Task brief
Shown below is a listing with pictures; reproduce exactly, and only, the lines between the ones containing "7月9日21時至7月10日1" and "希望本文能够帮助大家更好地掌握三剑之舞游戏的金钱修改方法,提升游戏体验。", inclusive, leaving the pictures out.

Exercise data
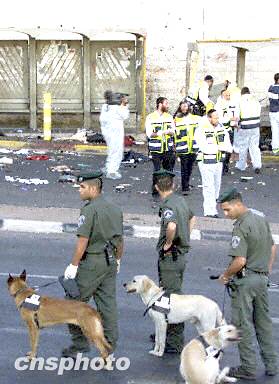 耶路撒冷再次發(fā)生自殺性爆炸事件 至少7死37傷 2002年06月20日 06:52 ![]() 以色列警察和搜索炸彈的專家在耶路撒冷法蘭西山附近。 中新網(wǎng)北京6月20日消息:耶路撒冷19日晚上發(fā)生一起自殺性爆炸事件,至少造成7人死亡,37人受傷。這是耶路撒冷市區(qū)在不到48小時(shí)內(nèi)發(fā)生的第二起自殺性爆炸事件。 爆炸發(fā)生在東耶路撒冷的法蘭西山附近的一個(gè)交叉路口。據(jù)耶路撒冷警察局局長(zhǎng)列維說(shuō),兩名以色列邊防警察在此路口發(fā)現(xiàn)一名神色可疑的人,在警察準(zhǔn)備上前盤(pán)查時(shí)此人引爆了綁在身上的炸彈。 據(jù)國(guó)際在線報(bào)道,巴勒斯坦主流派別法塔赫下屬的“阿克薩烈士旅”已宣稱對(duì)此次爆炸事件負(fù)責(zé)。 耶路撒冷18日曾發(fā)生一起自殺性爆炸事件,共有19名以色列人喪身,50多人受傷。(陳莊)
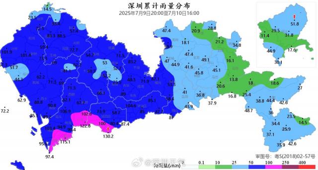 7月9日21時至7月10日16時,受臺風“丹娜絲”外圍環(huán)流影響,深圳出現(xiàn)多輪強雷雨。全市平均降雨量58.5毫米,最大累計雨量130.2毫米(福田福保站),最大小時雨量71.0毫米(南山世界之窗站)。期間,深圳最大陣風9級(21.0米/秒,鹽田海山站),深汕最大陣風7級(16.3米/秒,深汕芒嶼島站)。
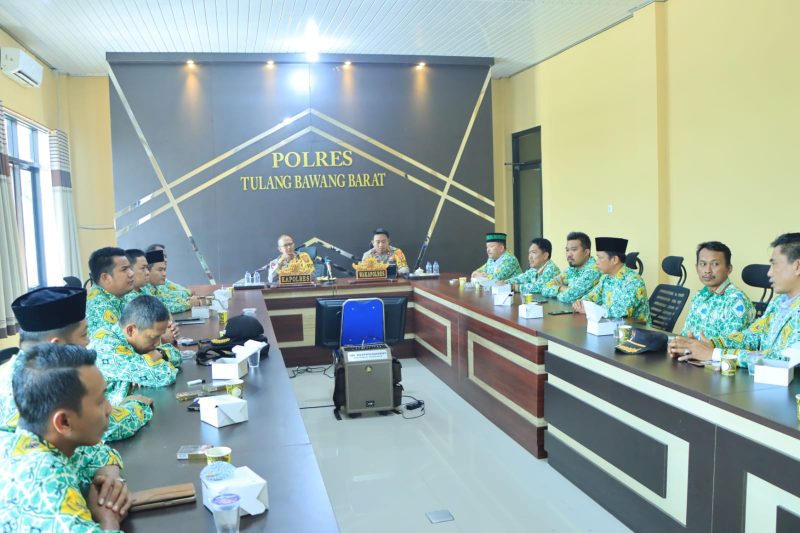 Buanaangkasa.com — Kapolres Tulang Bawang Barat Polda Lampung AKBP Ndaru Istimawan, S. I. K bersama Waka Polres Tulang Bawang Barat Kompol Heru Sulistyananto, S.H, M.H, Terima kunjungan Audiensi Pengurus DPC Apdesi (Asosiasi Pemerintahan Desa Seluruh Indonesia) Lampung Cabang Tulang Bawang Barat di ruangan Vicon Polres Tulang Bawang Barat. Rabu (8/2/2023).
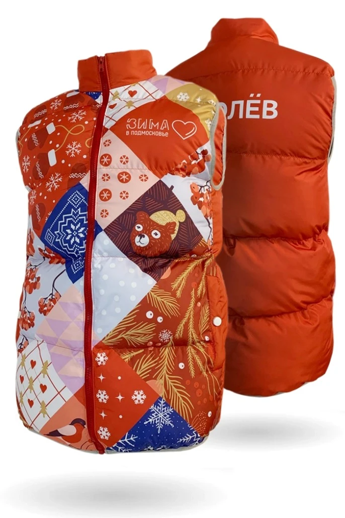 Жилет Морган Лайт с подкладом из лебяжьего пуха унисекс, с полной запечаткой "Зимний узор"
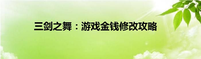 希望本文能够帮助大家更好地掌握三剑之舞游戏的金钱修改方法,提升游戏体验。
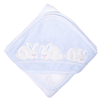 The 3 Marthas hooded towel and washcloth is made of pure cotton terry cloth. Measuring 38" x 38", the towel is so large that it can last well into the toddler years. The hood is embellished with an applique and is backed with terry cloth for extra absorbency. The washcloth measures 10" x 10" and is trimmed with a coordinating fabric. The towel is perfect for bath time or time at the beach or pool.
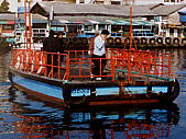 水路沿いの道を進むこと約5分、目の前に四角い形の渡し舟が見えてきました、ケッペです。のりまき・ふとまきはさっそく乗ってみます。ケッペには船頭さんのような男性が一人乗っていまして、また、他の乗客のおばさん連中も慣れたもので、みんなしてなんだか引っぱり始めました。なんだろうと思って見てみると、水路の対岸同士を結んだワイヤーがケッペの中心を通っていまして、そのワイヤーを鉤のついた鉄棒に引っ掛けて、人の力で引っ張ることにより前進する仕組みになっていました。原理的にはケーブルカーに近い感じです。さて、のりまき・ふともきもケッペ引きを手伝ってみました。意外と簡単なものです。対岸に着くと料金所がありました。片道150ウォンでした。日本円で15円たらず……動力は私たちの腕なのですが、ま、安いですね〜〜
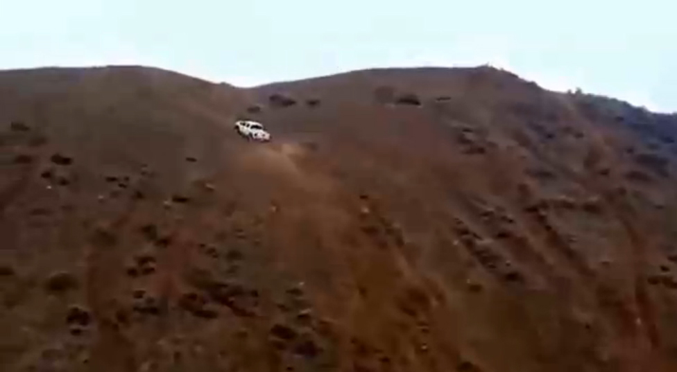 GMC Sierra покоряет крутой склон.
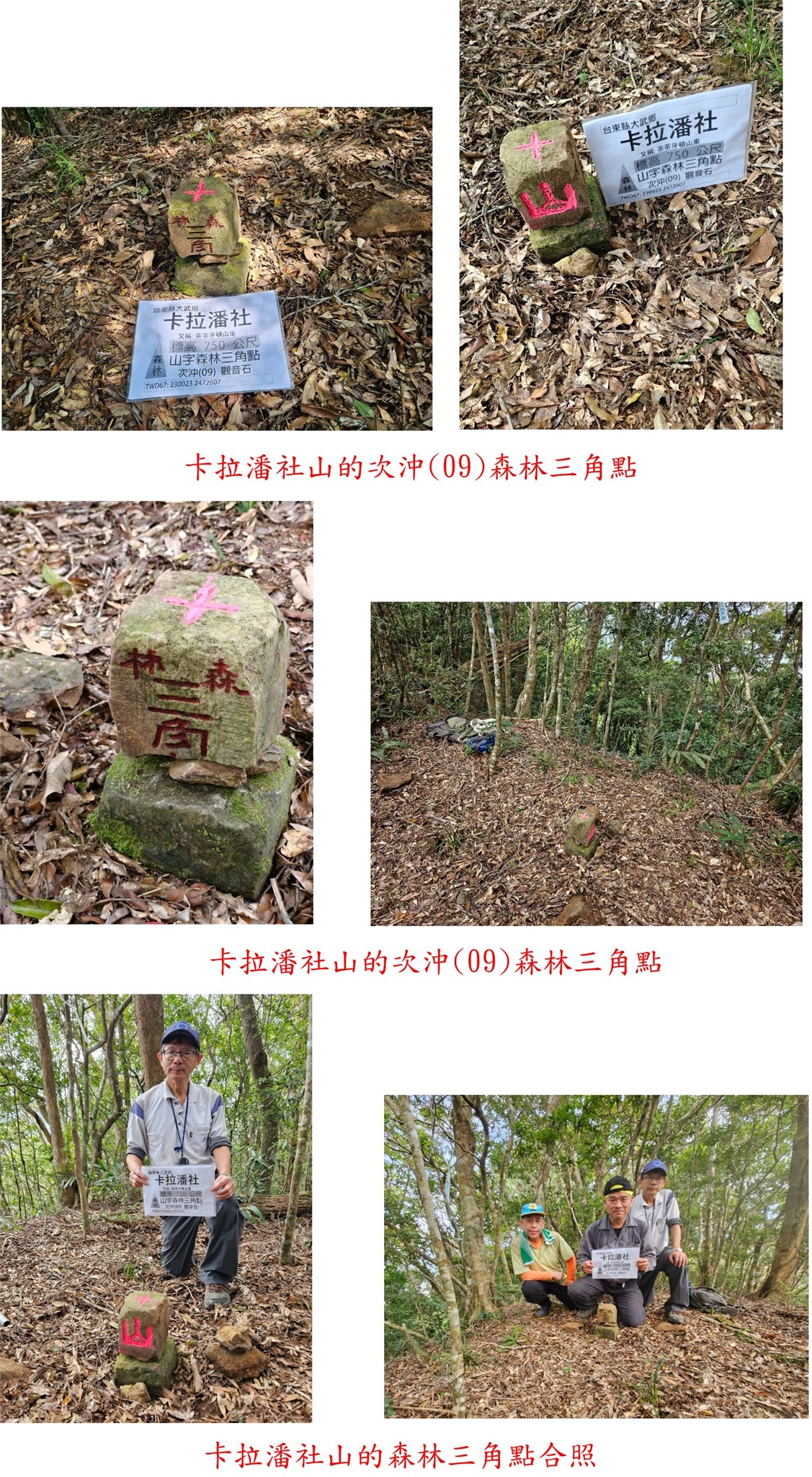 4、卡拉潘社山:又稱茶茶牙頓山東,位於台東縣大武鄉,標高750公尺,次沖(09)森林三角點;座標2300242472623
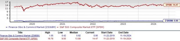 The industry currently has a trailing 12-month P/TB of 0.95X. The highest level of 1.05X, the lowest of 0.42X and a median of 0.92X have been recorded by the industry over the past five years. Also, the industry is trading at a significant discount compared with the market at large, as evidenced by the trailing 12-month P/TB for the S&P 500 composite of 14.47X, as the chart below shows.

Result of the task
 7月9日21時至7月10日16時,受臺風“丹娜絲”外圍環(huán)流影響,深圳出現(xiàn)多輪強雷雨。全市平均降雨量58.5毫米,最大累計雨量130.2毫米(福田福保站),最大小時雨量71.0毫米(南山世界之窗站)。期間,深圳最大陣風9級(21.0米/秒,鹽田海山站),深汕最大陣風7級(16.3米/秒,深汕芒嶼島站)。
 Buanaangkasa.com — Kapolres Tulang Bawang Barat Polda Lampung AKBP Ndaru Istimawan, S. I. K bersama Waka Polres Tulang Bawang Barat Kompol Heru Sulistyananto, S.H, M.H, Terima kunjungan Audiensi Pengurus DPC Apdesi (Asosiasi Pemerintahan Desa Seluruh Indonesia) Lampung Cabang Tulang Bawang Barat di ruangan Vicon Polres Tulang Bawang Barat. Rabu (8/2/2023).
 Жилет Морган Лайт с подкладом из лебяжьего пуха унисекс, с полной запечаткой "Зимний узор"
 希望本文能够帮助大家更好地掌握三剑之舞游戏的金钱修改方法,提升游戏体验。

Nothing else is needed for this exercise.